Penyuluhan dan pelatihan juga mutlak diperlukan oleh institusi atau lembaga-
lembaga terkait. hal ini dimaksudkan agar mereka dapat bekerja secara profesional dan
sesuai prosedur agar dapat menjalankan perannya dalam penanggulangan bencana
secara maksimal.Contohnya adalah aparat keamanan (TNI dan POLRI) juga
membutuhkan pelatihan SAR dan deteksi bencana susulan karena juga bertugas
mencari korban dan mengamankan lokasi yang ditinggalkan.
K. Materi Penyuluhan
Materi dan siapa yang terlibat dalam suatu penyuluhan bencana akan sangat
kompleks untuk dijelaskan karena tergantung dari jenis bencana, lokasi, waktu, dan
kebijakan pemerintah. Jenis bencana yang satu dengan yang lainnya memiliki
karakteristik tersendiri dan penanganan/pencegahan yang berbeda pula. Begitupun
dengan lokasi yang berbeda, medan yang dihadapi, sumber daya yang ada untuk
dimanfaatkan untuk menanggulangi bencana, serta institusi yang berkompeten
memberi penyuluhan akan berbeda di tiap lokasi.
Namun secara garis besar BNPB (Badan Nasional Penanggulangan Bencana)

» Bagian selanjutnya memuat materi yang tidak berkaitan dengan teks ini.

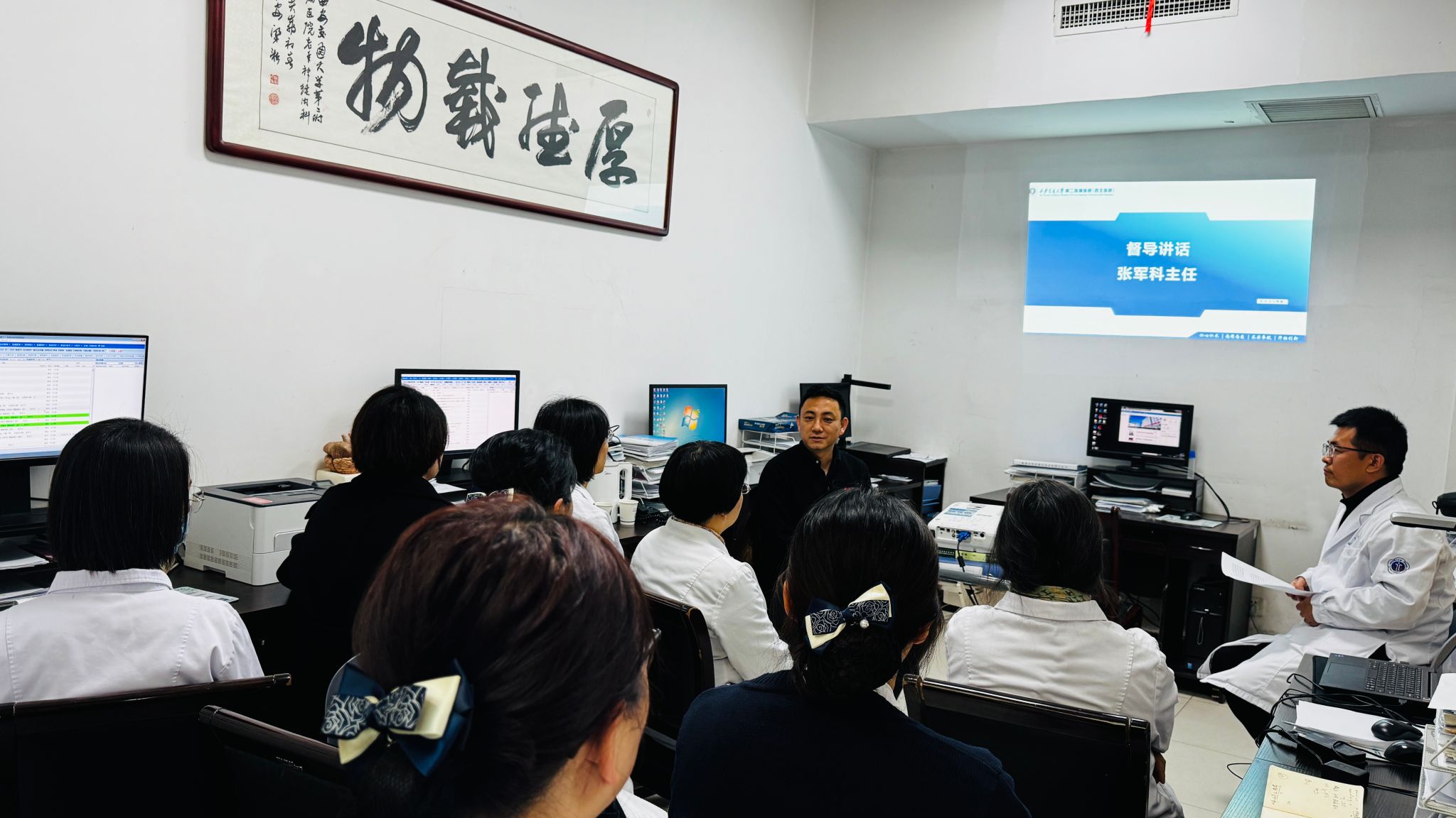 2026年1月28日,老年神经内科党支部在科室医生办公室召开专题组织生活会暨民主评议党员大会,会议以“学习贯彻党的二十届四中全会精神,积极应对老龄化着力提升医疗质量”为核心议题,将理论学习与临床实践深度融合,为科室高质量发展锚定方向、凝聚力量。会议特别邀请院纪委监察室张军科主任莅临指导,支部书记张有友主持会议。

lah yang menjadi tonggak utama penanggulangan bencana (termasuk di dalamnya
edukasi dan penyuluhan) di tingkat nasional berdasarkan UU No.24 Th. 2007. Badan
ini lah yang paling kompeten dalam nanagemen bencana termasuk memberikan
pedoman-pedoman tentang langkah pencegahan dan penanggulangan bencana kepada
institusi lain maupun lembaga dan masyarakat.

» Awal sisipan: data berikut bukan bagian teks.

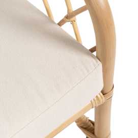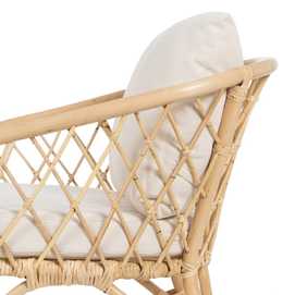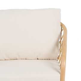 Material: ratán. Cojines desenfundables. Tejido: 60% algodón, 40% poliéster. Relleno: foam, densidad 23kg/m3. Altura asiento: 44cm. Ancho asiento: 60cm. Profundidad asiento: 57cm (38cm con cojin incluido). Peso máximo soportado: 150kg.

Dari situs BNPB pula disebutkan institusi-institusi lain yang bekerja sama
dengan BNPB karena memiliki kompetensi di bidang yang berkaitan dengan
penanggulangan bencana. Beberapa di antaranya adalah Kementrian ESDM yang
berkompetensi dalam merencanakan dan mengendalikan upaya mitigasi terkait
bencana geologi. Kementrian Pertanian berkompetensi dalam mitigasi bencana
kekeringan dan masalah pertanian. Kementrian kesehatan berkompetensi di bidang
pelayanan kesehatan dan medik. Kemenristek berkompetensi melakukan penelitian
untuk perencanaan penanggulangan bencana. BMKG berkompetensi bidang
pemantauan potensi bencana. Basarnas berkompetensi di bidang SAR. Bakosurtanal
berkompetensi bidang pemetaan resiko bencana. Masih banyak instansi lainnya yang
disebutkan BNPB memiliki kompetensi di bidang yang berhubungan dengan bencana
sehingga dapat dijadikan sumber dalam penyuluhan dan edukasi terhadap suatu
bencana.
Lembaga swadaya masyarakat maupun lembaga internasional pun dapat
dijadikan sumber materi penyuluhan bencana ini. Apabila lembaga tersebut memang
memiliki kompetensi yang baik dalam penanggulangan bencana, tidak jadi masalah
bila lembaga tersebut yang melakukan penyuluhan. Seperti yang dijelaskan
sebelumnya bahwa pencegahan dan penanggulangan bencana adalah tanggung jawab
bersama, sehingga peran aktif seluruh elemen sangat dibutuhkan. Jadi asalkan
memiliki kompetensi yang dibutuhkan apapun institusi dan lembaga dapat dijadikan
rujukan dalam materi penanggulangan bencana
L. Contoh Penyuluhan
Seperti dijelaskan sebelumnya bahwa penyuluhan bencana sifatnya sangat
fleksibel tergantung faktor jenis bencana, lokasi, dan lainnya. Oleh karena itu di sini
akan dijelaskan terkonsentrasi pada salah satu contoh bencana dan penyuluhannya
saja. Letusan Gunung Merapi adalah bahasan pada materi ini.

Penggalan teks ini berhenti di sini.